This kernel based on work of [Tan, M. et al][1] approach which imply clusters generation via the minima of divergence of normalized gradient taken over CT scan and merged them with clasters generated by dot and line 3D [selective enhancement filters][2] 


  [1]: http://dx.doi.org/10.1118/1.3633941
  [2]: http://dx.doi.org/10.1118/1.1581411

In [63]:
from numpy import *
import numpy as np
import os
from scipy.ndimage import morphology 
from tqdm import tqdm
from os.path import join, basename, isfile
from scipy.ndimage import label
import scipy.ndimage.filters as filters
import scipy
from glob import glob
from multiprocessing import Pool, cpu_count
from skimage import measure


from scipy.ndimage.filters import gaussian_filter, laplace
import dicom
from scipy.linalg import norm
import pandas as pd

CPU = 24

Next five cells was taken from [Full Preprocessing Tutorial][1] by [Guido Zuidhof][2]

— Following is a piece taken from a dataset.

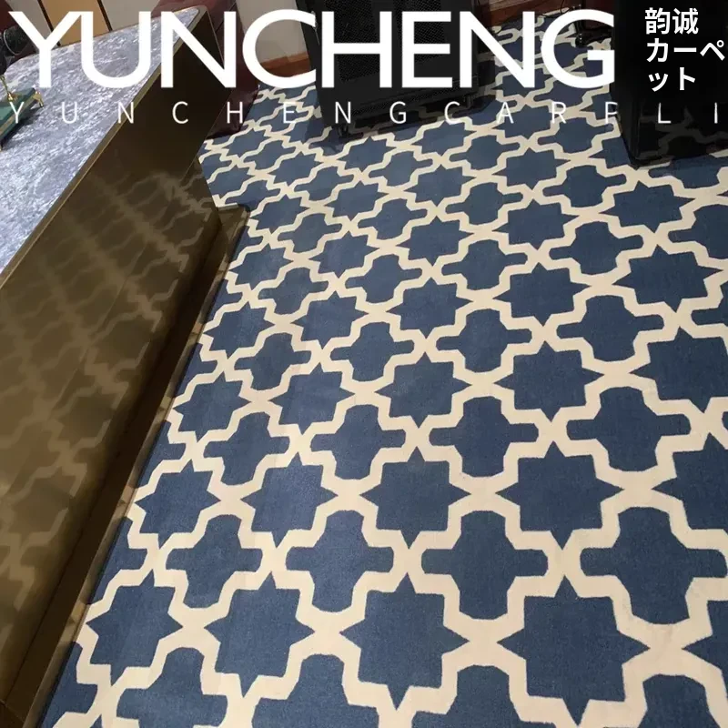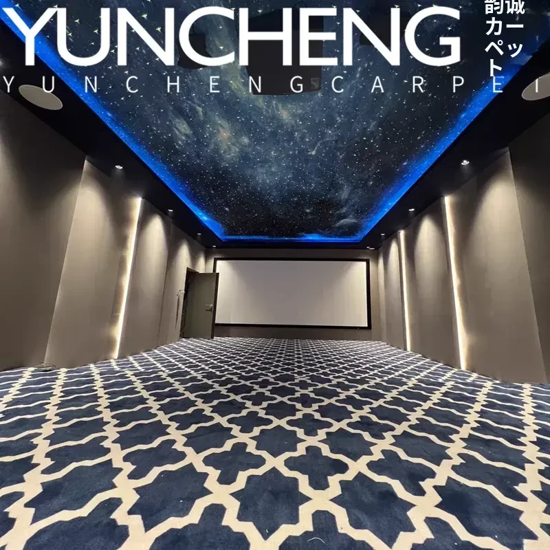 静音でラグジュアリーな欧米スタイルの青いチェック柄!リビングルーム、寝室、書斎、シアタールームに最適なカーペット。ベッドサイドやフルカバーにもぴったり!あなたの空間をおしゃれに演出します。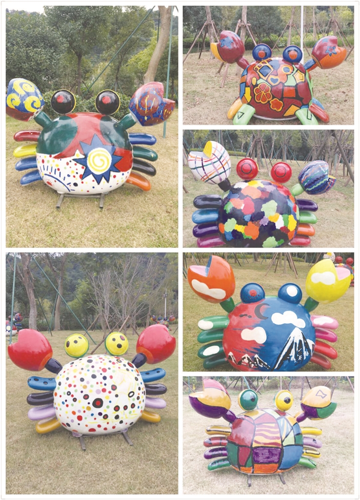 在中央山公园二期,记者看到了此次展览的6只螃蟹,它们身上或是画着云朵,或是画着五角星、心形,螃蟹的钳子上还画了累似西瓜皮的图案,展示出台州小朋友们丰富的想象力。

  [1]: https://www.kaggle.com/gzuidhof/data-science-bowl-2017/full-preprocessing-tutorial
  [2]: https://www.kaggle.com/gzuidhof

In [12]:
def resample(image, scan, new_spacing=[1,1,1]):
    # Determine current pixel spacing
    spacing = np.array([scan[0].SliceThickness] + scan[0].PixelSpacing, dtype=np.float32)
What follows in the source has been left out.